Plus also she commits double redundancy: she draws a picture AND says a thousand words. The feature articles of the magazine don’t use up that much text, which she prints in little tiny writing. What is smaller than Elite type? Why it’s Super-Elite—AKA Roz Chast! My brain sees that and my eyes automatically say, “Pass.” There are plenty of other good cartoonists in THE NEW YORKER, artists who can convey a simple point with humor and I don’t have to work and squint to understand. Furthermore, I don’t think Roz’s cartoons are funny. They’re certainly not worth squinting that hard over.
And now she’s illustrated a children’s book for Steve Martin (THE ALPHABET FROM A TO Y WITH BONUS LETTER Z!). Yippee. Okay, so I admit it, it’s the only Steve Martin book I’ve read. For children’s level, it’s a decent book, mostly; although any time you single out the planet Uranus to the exclusion of the other planets, the material becomes suspect. Still, he manages to get on a page words and combinations of words that appeal to the under-four-foot set. Roz’s accompanying illustrations are typical of what you see in the NEW YORKER. They are too busy, too complicated, too esoteric.

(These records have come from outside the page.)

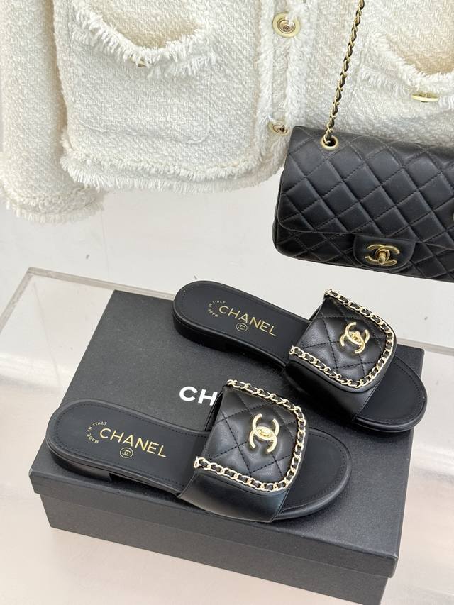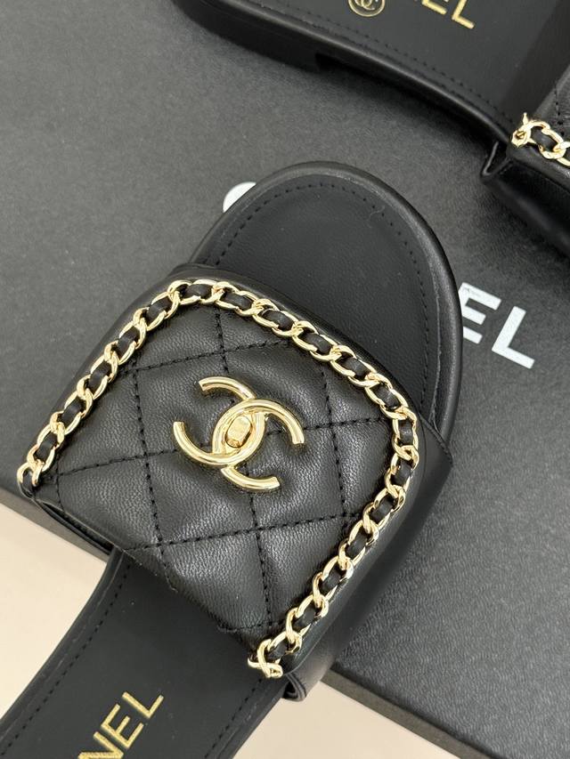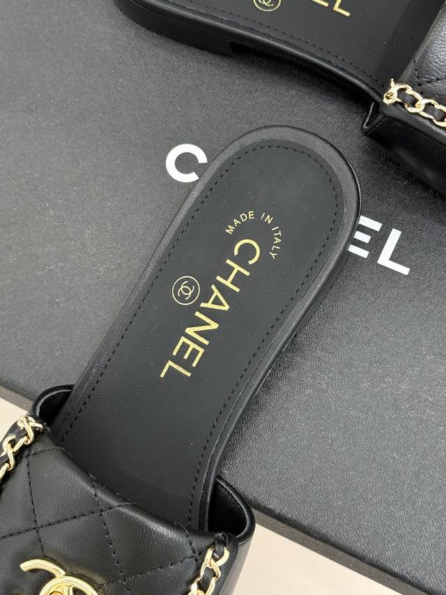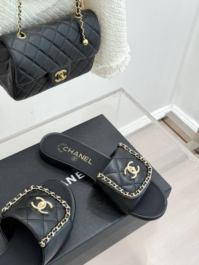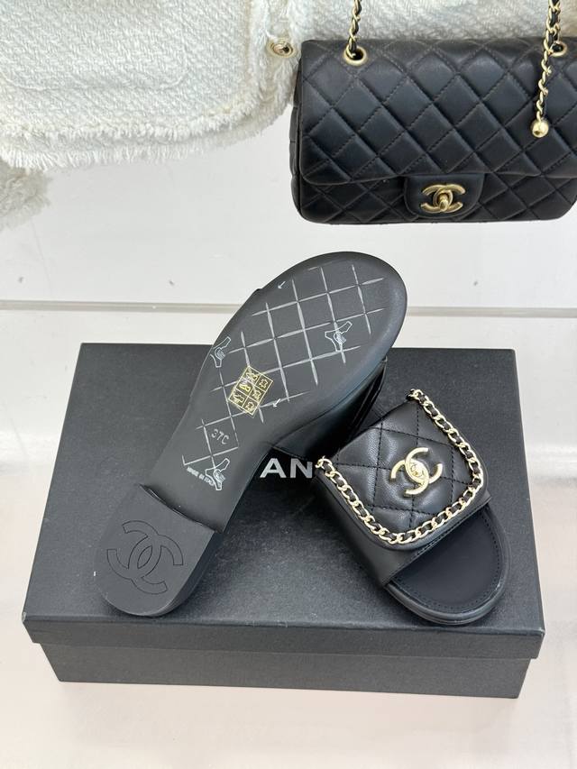 厂价 DDD Chane*|小香经典春夏翻盖 DDD 双C书包扣拖鞋 DDD 经典永不过时 简约大气 DDD 标志性翻盖双C书包扣搭配链条设计~ DDD 显瘦百
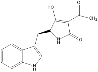CC(=O)C1=C(O)C(Cc2c[nH]c3ccccc23)NC1=O |
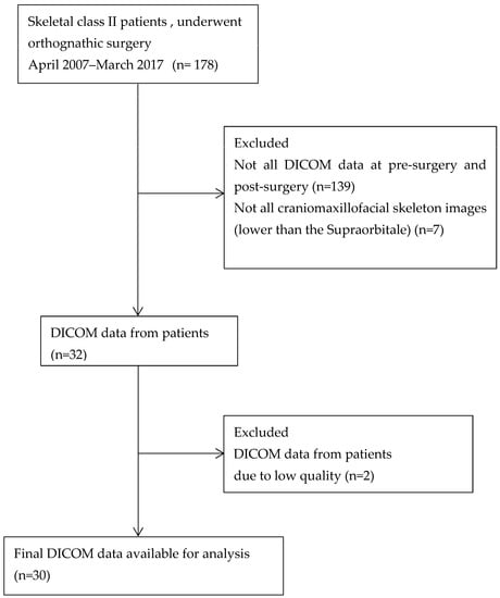 This retrospective study examined patients at Tokyo Dental College Chiba Dental Center from April 2007 to March 2017. The inclusion criteria were as follows: (1) had been diagnosed with skeletal class II dentofacial deformities; (2) had undergone orthognathic surgery; and (3) had undergone CT (computed tomography) of the skull at the time of pre- and post- orthodontic treatment (1–2 years after orthognathic surgery). The exclusion criteria were (1) patients presenting with congenital disorders that give rise to orofacial and dental structural abnormalities and (2) individuals with a medical history involving tumors or trauma affecting the head and neck region. One hundred and seventy-eight CT images of pre- and post-treatment were collected in the first step. Of these, 146 images were excluded; specifically, 139 images lacked DICOM (Digital Imaging and Communication in Medicine) data pre- and post-treatment, and 7 lacked the required craniomaxillofacial images. Two of the remaining sources of DICOM data from patients were excluded due to inadequate quality. A final 30 patients achieved the criteria and were included in the current study (Figure 2). There were 4 men and 26 women among the patients. At the time of surgery, the average patient was 27.2 years old. A total of 14 patients had BSSRO (bilateral sagittal split ramus osteotomy) alone, and 16 had BSSRO combined with Le Fort I osteotomy, constituting a two-jaw surgery. Four specialized orthodontists diagnosed, planned, and conducted surgical orthodontic treatment using the same methodology. Two specialist oral surgeons performed all surgical procedures at the Department of Oral and Maxillofacial Surgery, Tokyo Dental College.

Even Steve Martin, in a recent interview on National Public Radio, mis-identified a figure she had drawn and she had to correct him on the air. HE didn’t understand her illustration either.
Ouch.
Her only noteworthy accomplishment in Martin’s book is on the front and back inside covers. The book is about the alphabet, and groups words starting with the same letter. However, the inside covers depict alphabetic letters omitted in the English language, and thus left out of the book. Letters with umlauts and conjoined consonants and other symbols that I can’t find on my keyboard. These foreign letters stand around and make comments about not being in the book. It’s fun and clever, and, after all, it’s on the inside covers, so you won’t really miss anything if you skip them. Except they’re the best cartooning I’ve seen from Roz Chast.
Dear Roz, I don’t care for your style. I wanted to say that before we meet so that I’m not forced into being fakely complimentary, and so you know that I have paid attention to your work, which is the best compliment anyone can pay.